For a while now, I have been purchasing from smaller businesses. Today was my first time supporting a local farm. I placed an online order last week to pick up on this sunny day.
The land was right off a lake and sat upon acres of rolling green hills. My car rolled over the gravel driveway, up to a trailer with its back doors open wide as if in greeting, and a sign tacked to one of them. I stepped out of the car, my boots crunching and scratching as I walked closer to read the sign scrawled in green crayon.
“Welcome. Online orders are in the cooler inside the trailer.”

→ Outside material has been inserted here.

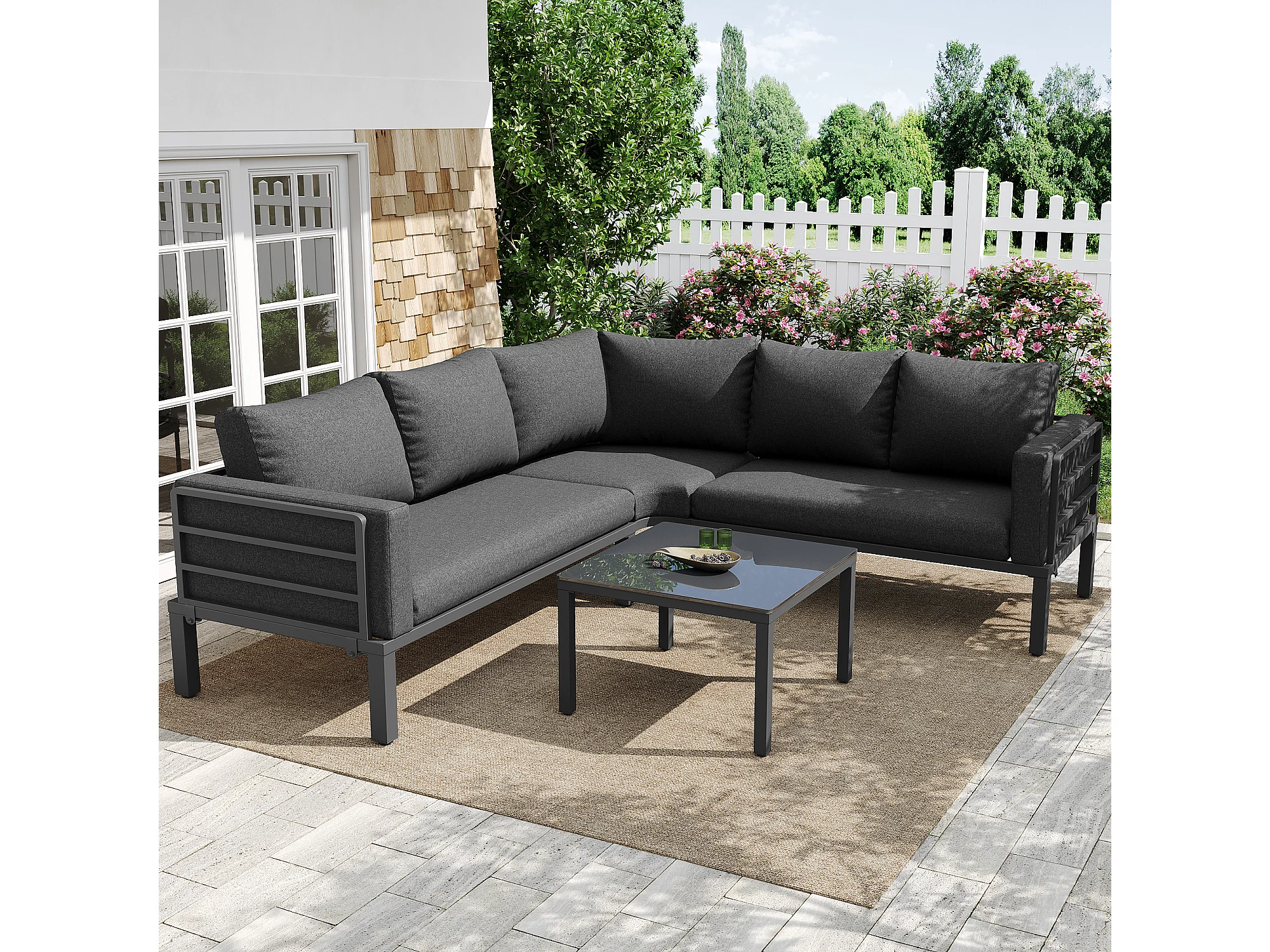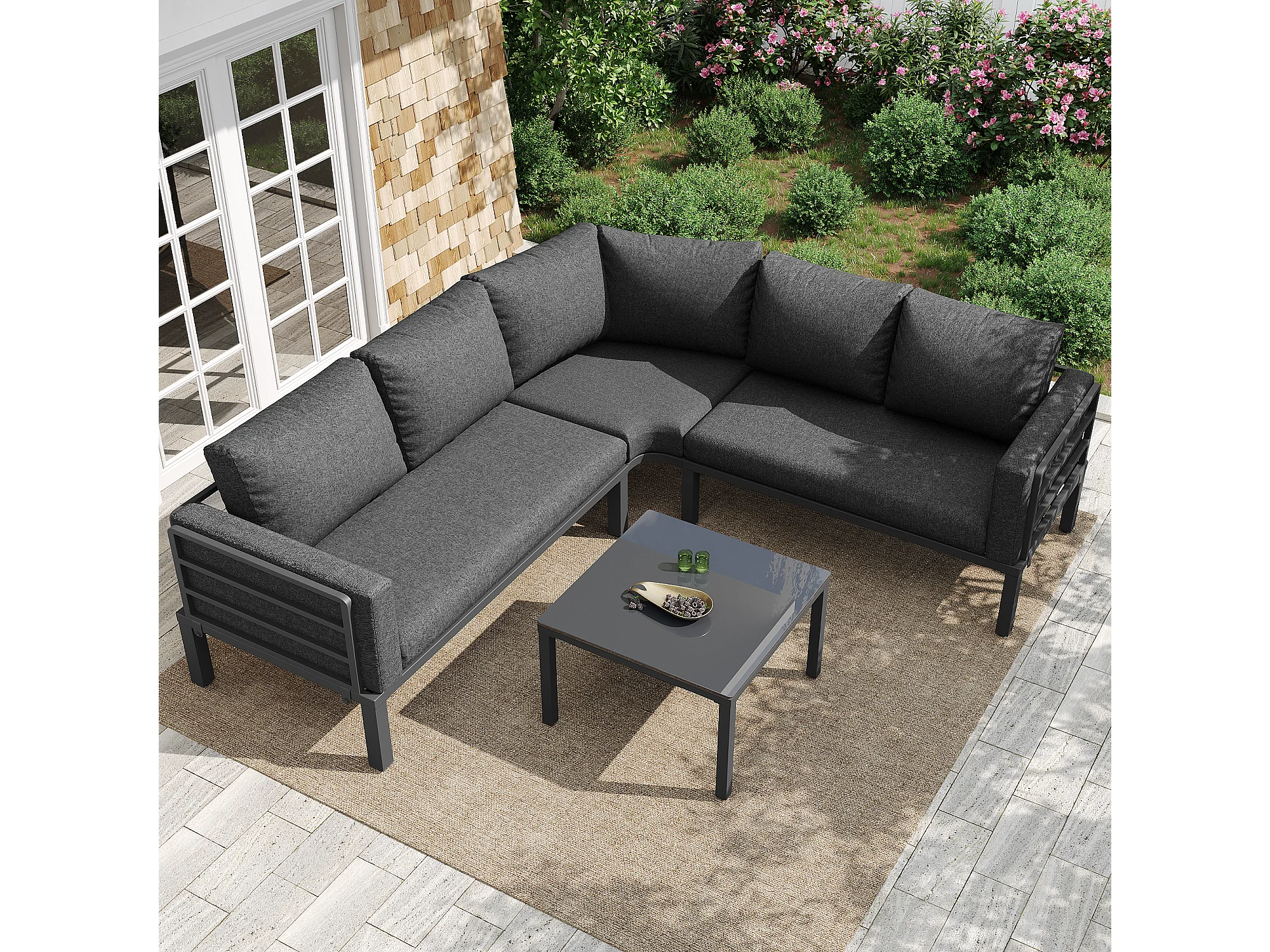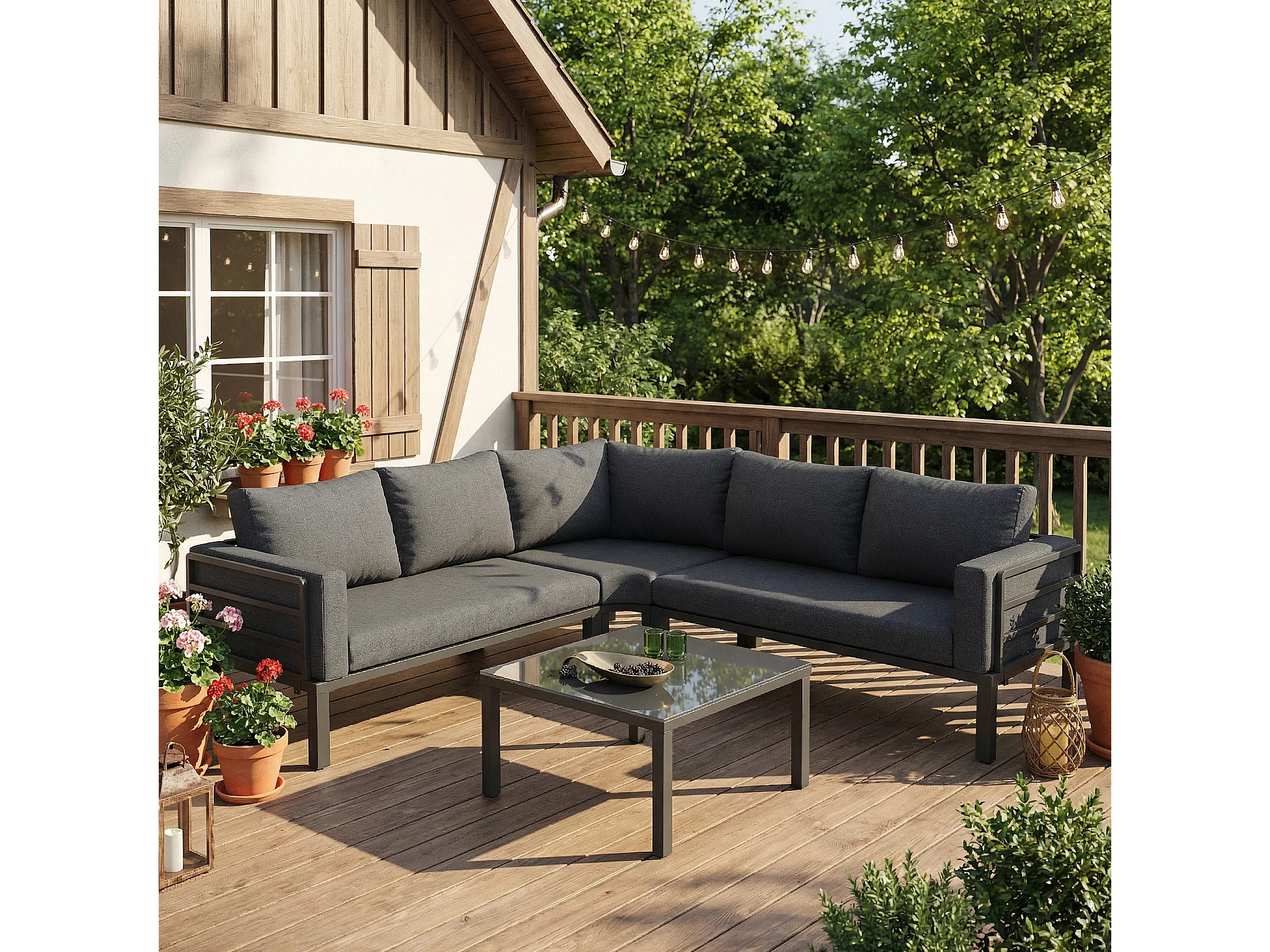 Salon de jardin d'angle en fer galvanisé : 1 canapé 5 places + table basse en verre trempé - Gris

I placed my hands on my hips and surveyed the area. After driving for 30 minutes with a podcast on the psychology of serial killers playing the entire ride over, my mind was spinning. It felt like I was about to plummet into one of those stories. Especially once I noticed the open barn door with shovels and devices unknown for dealing with cattle swaying in the breeze just 20 yards away. My heart pounded as I imagined stepping into the trailer, opening the cooler to retrieve my order only to have the trailer doors slam closed behind me.

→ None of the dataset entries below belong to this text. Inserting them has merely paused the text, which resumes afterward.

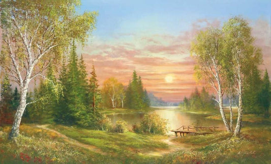 MISTY LAKE II White Modern Wood Framed Art Print with Double Matting by Fasani
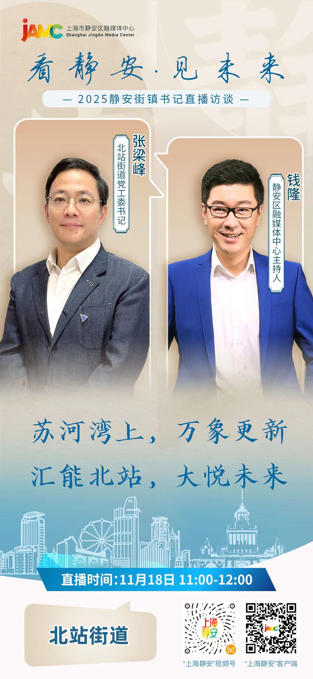 11月18日11:00—12:00,北站街道党工委书记张梁峰、静安区融媒体中心主持人钱隆,与您相约“看静安·见未来”2025静安街镇书记直播访谈。
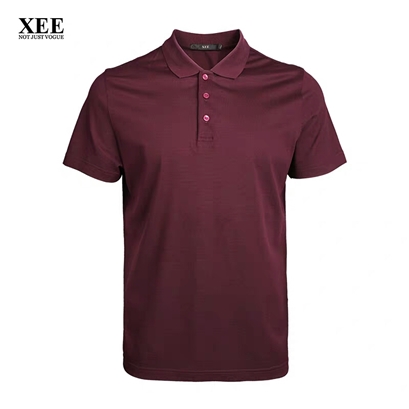 >>XEE商场同款男士桑蚕丝酒红色POIO衫丝滑简约纯色短袖
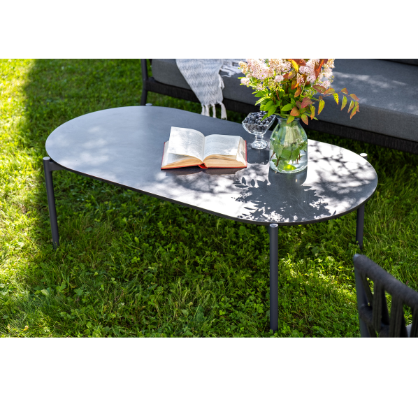 Каркас столика изготовлен из алюминия, окрашенного в элегантный и современный темно-серый цвет (RAL 7024). Алюминий является легким и прочным материалом, что обеспечивает долговечность и надежность изделия. Столешница изготовлена из прочного и устойчивого к механическим воздействиям компакт-пластика HPL в цвете «серый гранит».
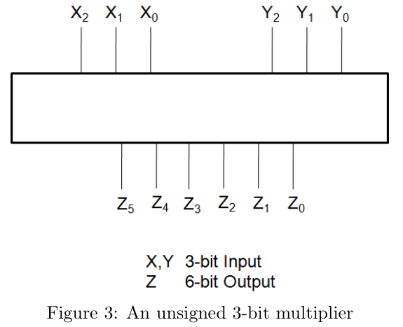 (3) Design a 3-bit by 3-bit multiplier that produces 6-bit output using adders from (1) and (2) with additional AND, OR and NOT gates. Inputs for the multiplier are two unsigned 3-bit integers and the output is an unsigned 6-bit integer as shown in Figure 3.

There was nothing but silence while my mind churned out image after image of being trapped in a trailer, banging on the walls. I peered around each side and under the lone trailer then back over my shoulders. No cars. No humans. Just cattle eating grass.

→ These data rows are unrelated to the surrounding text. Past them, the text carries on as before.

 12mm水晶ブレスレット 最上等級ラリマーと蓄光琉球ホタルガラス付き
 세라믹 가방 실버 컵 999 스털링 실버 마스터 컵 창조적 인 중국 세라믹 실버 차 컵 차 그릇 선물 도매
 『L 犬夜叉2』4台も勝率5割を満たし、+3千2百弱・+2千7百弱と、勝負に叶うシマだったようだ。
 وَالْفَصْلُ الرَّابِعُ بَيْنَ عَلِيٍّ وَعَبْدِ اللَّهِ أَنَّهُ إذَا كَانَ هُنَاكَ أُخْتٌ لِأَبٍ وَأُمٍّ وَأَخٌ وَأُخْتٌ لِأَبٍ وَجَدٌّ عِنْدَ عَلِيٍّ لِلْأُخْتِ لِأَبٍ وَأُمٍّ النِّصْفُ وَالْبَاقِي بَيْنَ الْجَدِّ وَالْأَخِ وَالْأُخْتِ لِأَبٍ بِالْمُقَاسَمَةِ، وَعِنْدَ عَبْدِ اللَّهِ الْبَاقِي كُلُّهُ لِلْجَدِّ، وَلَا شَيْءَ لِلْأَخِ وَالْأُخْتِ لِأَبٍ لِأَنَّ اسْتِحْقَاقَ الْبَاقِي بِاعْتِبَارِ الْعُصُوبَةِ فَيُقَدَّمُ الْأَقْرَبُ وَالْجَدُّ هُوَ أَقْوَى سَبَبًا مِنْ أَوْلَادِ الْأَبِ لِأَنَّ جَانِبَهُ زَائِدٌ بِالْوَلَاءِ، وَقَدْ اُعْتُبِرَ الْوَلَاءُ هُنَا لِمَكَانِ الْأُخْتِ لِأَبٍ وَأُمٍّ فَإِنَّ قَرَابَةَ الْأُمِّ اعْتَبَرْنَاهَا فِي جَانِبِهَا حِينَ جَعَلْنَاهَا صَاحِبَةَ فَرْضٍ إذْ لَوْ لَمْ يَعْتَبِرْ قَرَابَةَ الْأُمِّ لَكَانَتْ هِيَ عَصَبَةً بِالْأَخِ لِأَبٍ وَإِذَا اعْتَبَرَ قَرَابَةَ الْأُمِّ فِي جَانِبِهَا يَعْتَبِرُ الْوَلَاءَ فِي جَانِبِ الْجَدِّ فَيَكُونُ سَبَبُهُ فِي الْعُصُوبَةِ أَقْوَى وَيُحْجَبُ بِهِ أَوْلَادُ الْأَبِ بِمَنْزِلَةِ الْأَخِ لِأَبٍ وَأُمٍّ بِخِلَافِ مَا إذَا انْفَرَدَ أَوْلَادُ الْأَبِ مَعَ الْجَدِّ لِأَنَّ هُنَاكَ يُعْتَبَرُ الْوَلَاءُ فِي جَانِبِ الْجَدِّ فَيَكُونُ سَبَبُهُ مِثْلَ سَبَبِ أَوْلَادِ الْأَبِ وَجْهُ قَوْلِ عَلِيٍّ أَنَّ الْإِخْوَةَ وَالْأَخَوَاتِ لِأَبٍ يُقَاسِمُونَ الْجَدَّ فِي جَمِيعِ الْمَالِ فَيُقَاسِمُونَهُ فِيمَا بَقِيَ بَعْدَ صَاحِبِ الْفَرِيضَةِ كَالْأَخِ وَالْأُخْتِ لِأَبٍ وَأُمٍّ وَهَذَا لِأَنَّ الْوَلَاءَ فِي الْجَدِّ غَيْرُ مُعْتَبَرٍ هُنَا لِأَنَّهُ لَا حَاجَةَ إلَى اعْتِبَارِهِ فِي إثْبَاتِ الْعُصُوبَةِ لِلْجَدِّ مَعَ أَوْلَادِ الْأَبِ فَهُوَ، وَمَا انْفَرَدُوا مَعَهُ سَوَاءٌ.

I placed one foot on the floor of the trailer. It creaked under my weight. Pausing, I listened. Nothing. Then, lifting my other foot, I entered my imagined cage.
The cooler was before me, but when I went to open it, more images played through my mind of what a killer might hide in a large cooler such as this. I threw the lid open, wanting to get it over with, and, to my surprise, my order was on top, my name printed on a piece of paper and pinned to a Sendiks grocery bag. No body parts – at least none that were immediately visible or human (hopefully).
Needless to say, I think I listen to too many podcasts on the psychology of serial killers.